IPC: Unix domain socket with binary framing — [4B json_len][json header][4B payload_len][raw tensor bytes]. JSON carries message metadata; the payload carries raw activation bytes to avoid base64 overhead.

Message types (src/inference/worker_ipc.rs):

MessageDirectionPurpose
DaemonMsg::Forwarddaemon → workerSingle-step LayerForward (distributed inference)
DaemonMsg::Generatedaemon → workerFull prompt→tokens decode loop (API inference)
DaemonMsg::Unloaddaemon → workerDrop a layer range (partial memory reclaim)
DaemonMsg::Shutdowndaemon → workerGraceful worker exit
WorkerMsg::Tokenworker → daemonStreaming decoded token
WorkerMsg::LayerResultworker → daemonActivation result for pipeline forwarding

SplitModelEntry is metadata-only — it caches eos_tokens, vocab, chat_template, bos_token, and eos_token_str from the GGUF header without loading model weights. The weights live exclusively in the worker subprocess.

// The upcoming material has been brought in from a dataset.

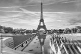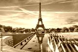 Beautiful sunset view of Eiffel Tower and Trocadero Gardens Fountain, Paris, France

Worker granularity: one process per ModelId (not per shard). A single worker handles all layer ranges for a model and owns its own KvCacheStore. Individual shard unload uses DaemonMsg::Unload; the process exits only when all shards are released.

Split Inference Engine

The split inference engine (src/inference/split/) enables distributed inference using candle for direct tensor computation with quantized GGUF weights. Each node loads only its assigned transformer layers (in the worker subprocess), forwarding hidden-state activations between nodes. The module is split into: model.rs (SplitModel struct + accessors), loader.rs (GGUF/shard load), executor.rs (forward pass + tensor-parallel), kv_cache.rs, entry.rs, gguf_meta.rs, shard_reader.rs, rope.rs, prefix_cache.rs.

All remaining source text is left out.